Omit all pictures, then print the entries exactly.

---

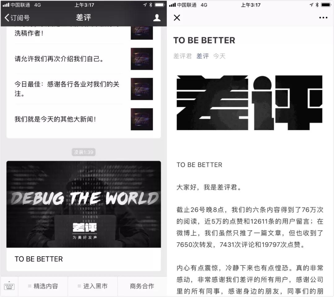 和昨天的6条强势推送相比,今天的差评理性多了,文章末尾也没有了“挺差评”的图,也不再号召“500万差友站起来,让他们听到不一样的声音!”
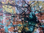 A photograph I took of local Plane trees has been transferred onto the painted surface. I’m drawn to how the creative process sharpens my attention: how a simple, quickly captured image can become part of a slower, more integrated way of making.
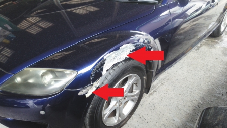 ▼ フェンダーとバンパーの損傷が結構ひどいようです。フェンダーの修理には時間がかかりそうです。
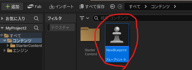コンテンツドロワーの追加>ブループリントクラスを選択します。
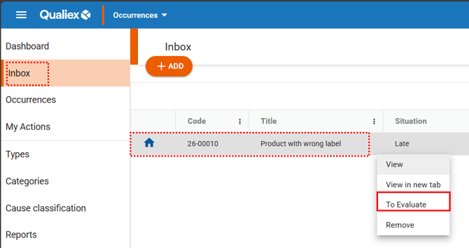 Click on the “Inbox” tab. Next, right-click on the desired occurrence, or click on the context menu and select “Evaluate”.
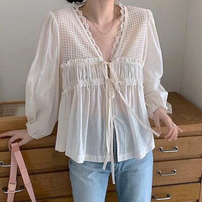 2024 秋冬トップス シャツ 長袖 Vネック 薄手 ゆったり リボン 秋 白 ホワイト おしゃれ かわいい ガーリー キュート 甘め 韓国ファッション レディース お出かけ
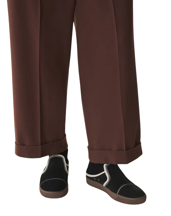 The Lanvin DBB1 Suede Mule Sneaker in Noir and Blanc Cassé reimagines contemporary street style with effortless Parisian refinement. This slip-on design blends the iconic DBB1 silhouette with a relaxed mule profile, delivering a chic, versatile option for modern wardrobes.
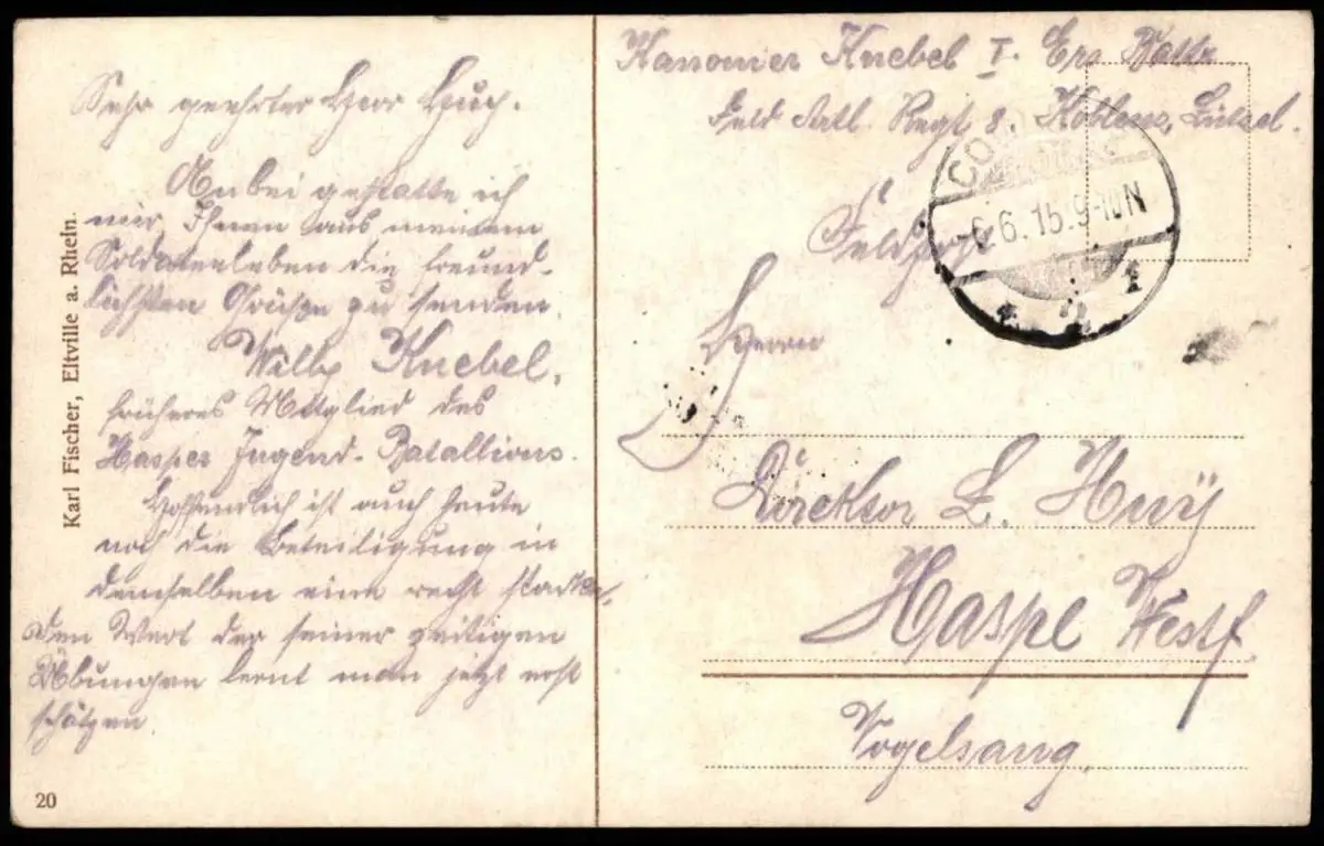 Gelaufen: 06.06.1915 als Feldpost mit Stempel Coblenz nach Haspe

---

OUTPUT OF THE TASK.
 和昨天的6条强势推送相比,今天的差评理性多了,文章末尾也没有了“挺差评”的图,也不再号召“500万差友站起来,让他们听到不一样的声音!”
 A photograph I took of local Plane trees has been transferred onto the painted surface. I’m drawn to how the creative process sharpens my attention: how a simple, quickly captured image can become part of a slower, more integrated way of making.
 ▼ フェンダーとバンパーの損傷が結構ひどいようです。フェンダーの修理には時間がかかりそうです。
コンテンツドロワーの追加>ブループリントクラスを選択します。
 Click on the “Inbox” tab. Next, right-click on the desired occurrence, or click on the context menu and select “Evaluate”.
 2024 秋冬トップス シャツ 長袖 Vネック 薄手 ゆったり リボン 秋 白 ホワイト おしゃれ かわいい ガーリー キュート 甘め 韓国ファッション レディース お出かけ
 The Lanvin DBB1 Suede Mule Sneaker in Noir and Blanc Cassé reimagines contemporary street style with effortless Parisian refinement. This slip-on design blends the iconic DBB1 silhouette with a relaxed mule profile, delivering a chic, versatile option for modern wardrobes.
 Gelaufen: 06.06.1915 als Feldpost mit Stempel Coblenz nach Haspe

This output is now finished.